GitHub basics

This activity introduces GitHub repositories and basic Git actions; students will be expected to use these skills to access materials and complete assignments.

Objectives:

Prerequisites: completion of lab 1, particularly cloning the group sandbox repository.

Action

Preparations

  • log into your github account and open your github client and the group sandbox repository in the browser

  • open RStudio and navigate to the group sandbox project

Background

Why are we using Git and GitHub?

Version control has many benefits, including the ability to track changes and contributions precisely, work in parallel with other contributors, revert to prior versions of files, keep track of issues, quickly share and disseminate work, and solicit user contributions from the coding public. Arguably, for all of these reasons and because of its widespread use, Git/GitHub is a must for data scientists.

In this class you’ll learn and practice some basics that will allow you to easily access course files, collaborate with each other, and efficiently submit your coursework. This should equip you to utilize a repository for efficient collaboration with your peers on your capstone project.

Basic workflow

If I am working out of a repository and want to alter a file and make those changes available to anyone else accessing my repository, most of the time I need to:

  • create/update local copies of repository files on my laptop;

  • make the desired change(s) locally;

  • send the changes back to the remote repository.

Typically these steps are performed iteratively as work progresses – they are a basic workflow.

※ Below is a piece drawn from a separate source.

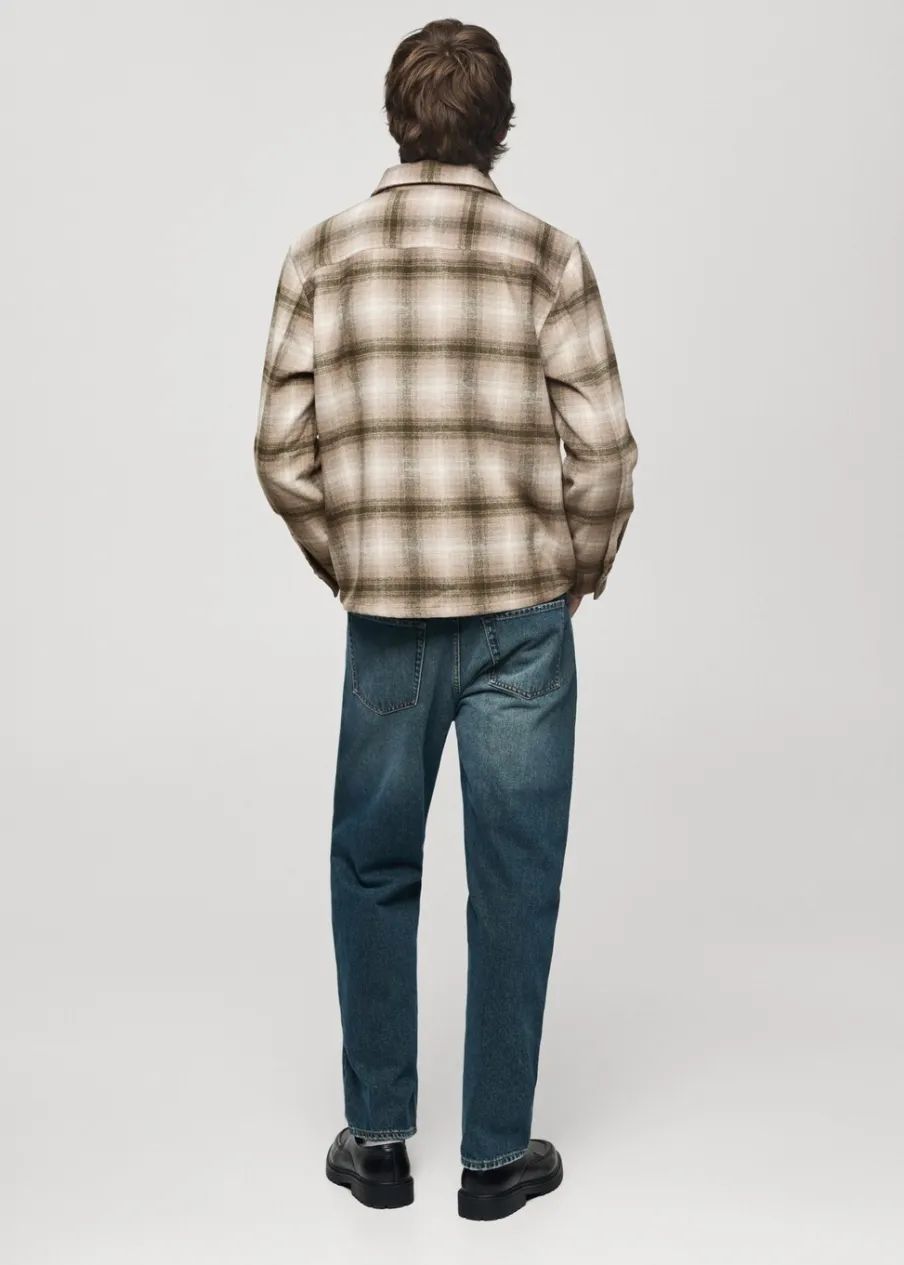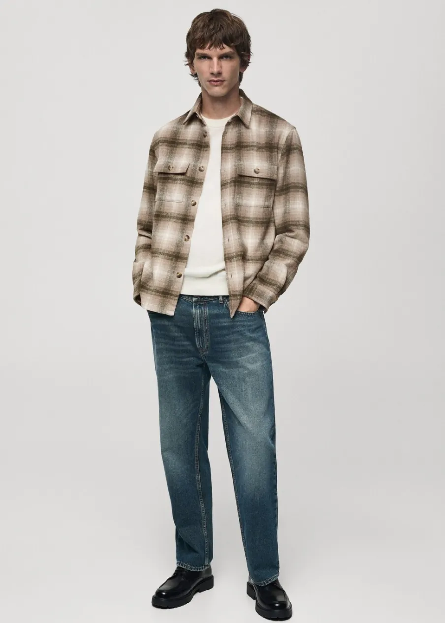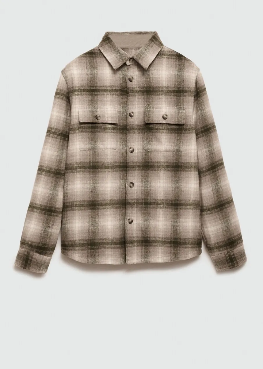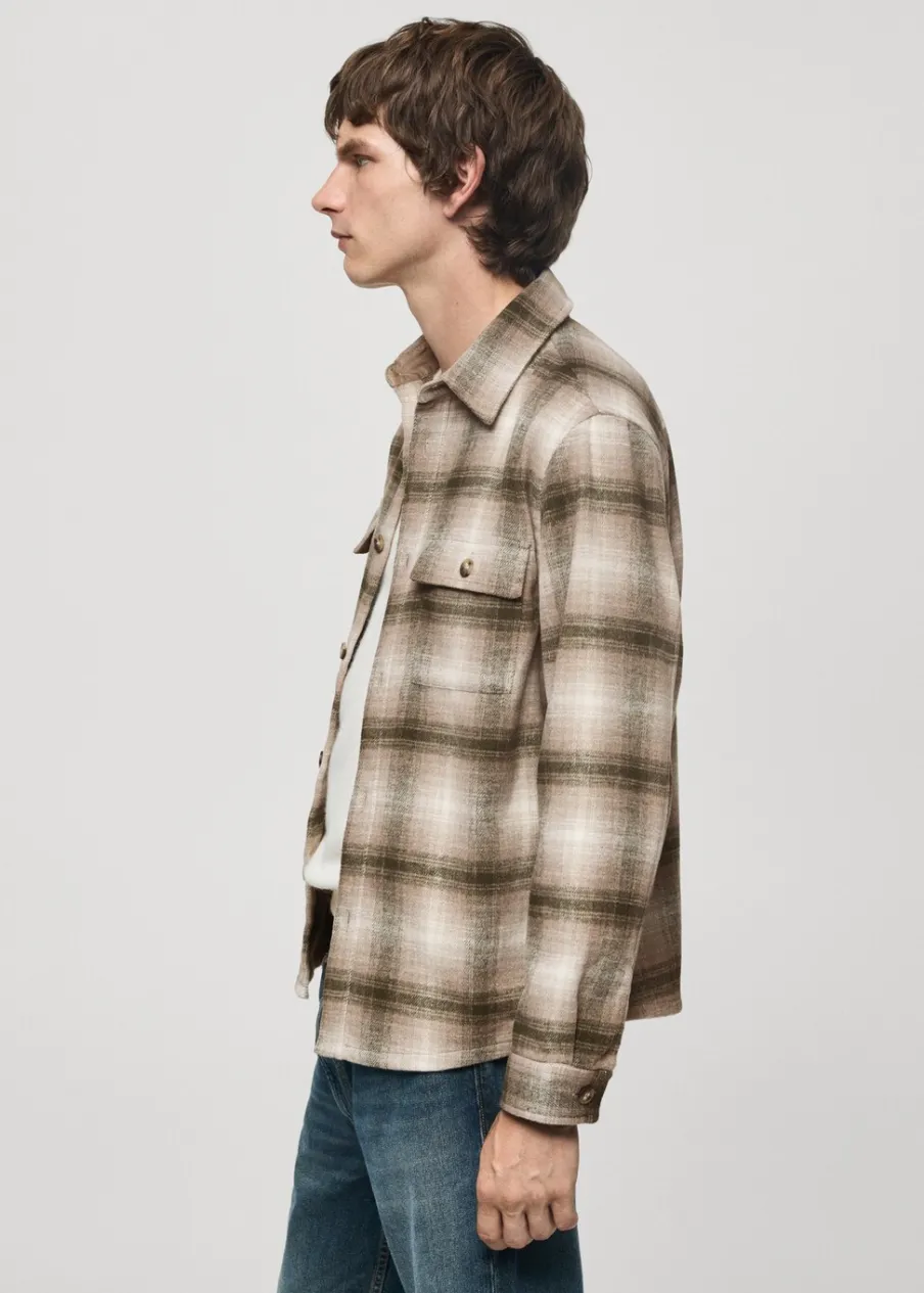 Tkanina mieszanka wełny. Tkanina flanelowa. Krój regular. Klasyczny kołnierzyk. Dwie naszywane kieszenie z patkami i guzikiem na piersi. Zapięcie na guziki z przodu. Długi rękaw z guzikami na mankietach. Zaokrąglony dół. Model ma 190 cm wzrostu i nosi rozmiar M. Deseń w kratę.

Workflow can be understood as a sequence of Git actions: actions that modify the repository files and/or metadata. The most basic sequence that accomplishes the above steps is:

  • git pull update the local repository (technically, fetch changes + merge changes from the remote repository);

  • git add stage file changes to be committed to the local repository;

  • git commit commit staged changes to the local repository;

  • git push send committed changes back to the remote repository.

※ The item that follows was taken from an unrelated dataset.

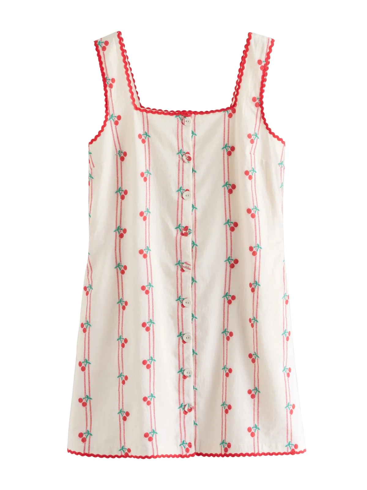Design: Knop placket, Geschulpte zoom; Type sluiting: Knoopsluiting; Materiaal: Katoen; Halstype: Carréhals; Soort bandjes: Normale bandjes; Extra's: All-over patroon, Op staal naden; Lengte: Kort/mini; Pasvorm: Normale pasvorm; Armlengte: Mouwloos
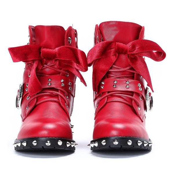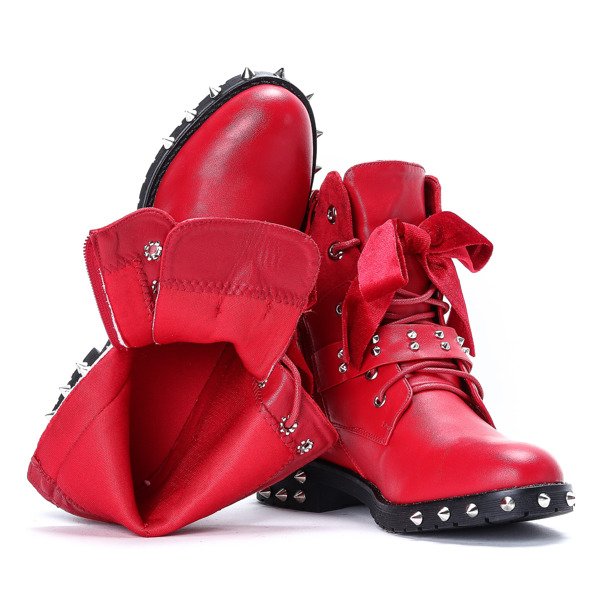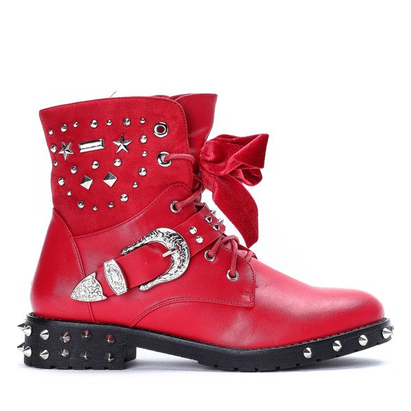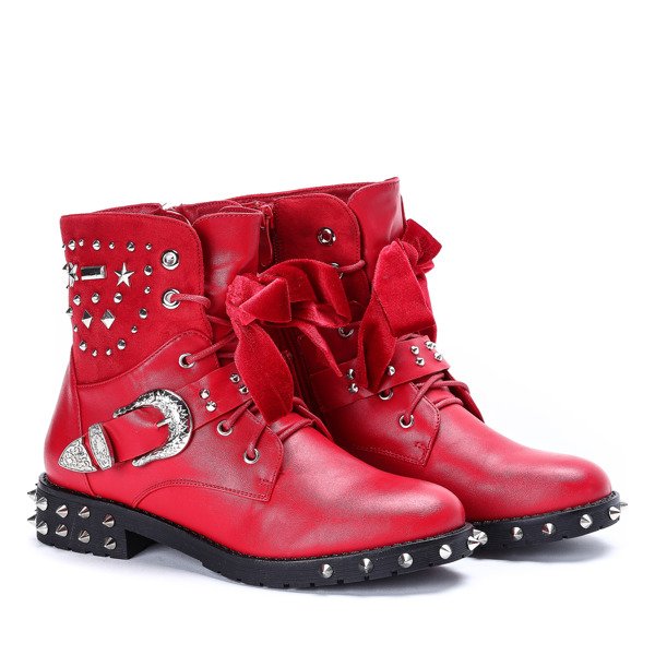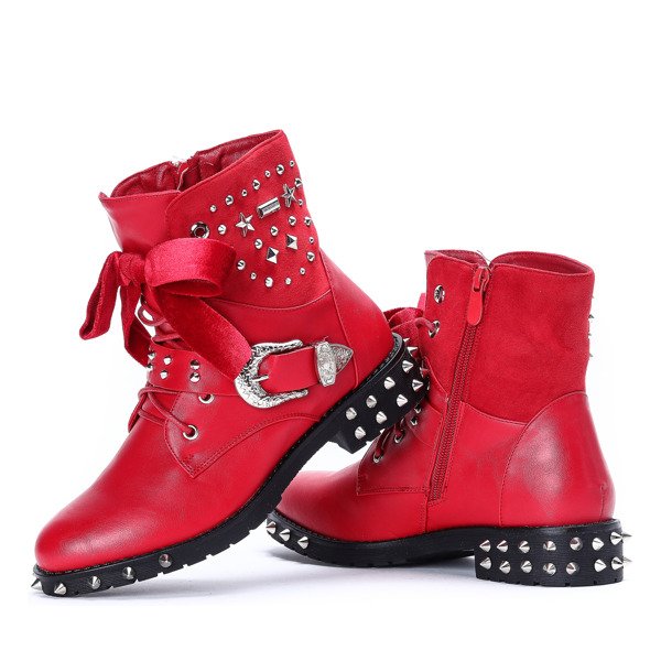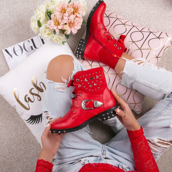 Czerwone workery z ćwiekami Adelynn - Obuwie

Sometimes contributors take different or additional actions; the complexity of the Git actions required to make a change depends largely on repository settings, permissions, and agreements among collaborators about how workflow should be structured.

In-class activity

Open your GitHub client and RStudio. In RStudio, open the project associated with your clone of the group sandbox repository.

Basic Git actions

Here you’ll make a local change and then push that change to the remote repository.

Pull

The first step to making a change is ensuring you have the most up-to-date version of the repository files.

Action (individual)

Pull changes from the remote repository.

  • In your GitHub client, open the group sandbox repository and then look for a ‘Pull’ menu item.

  • If you are using GitHub desktop, you can alternatively ‘fetch origin’ first via a toolbar button. This will retrieve changes but without modifying local files, and if changes are detected, a button will appear in the main screen of the client to pull changes.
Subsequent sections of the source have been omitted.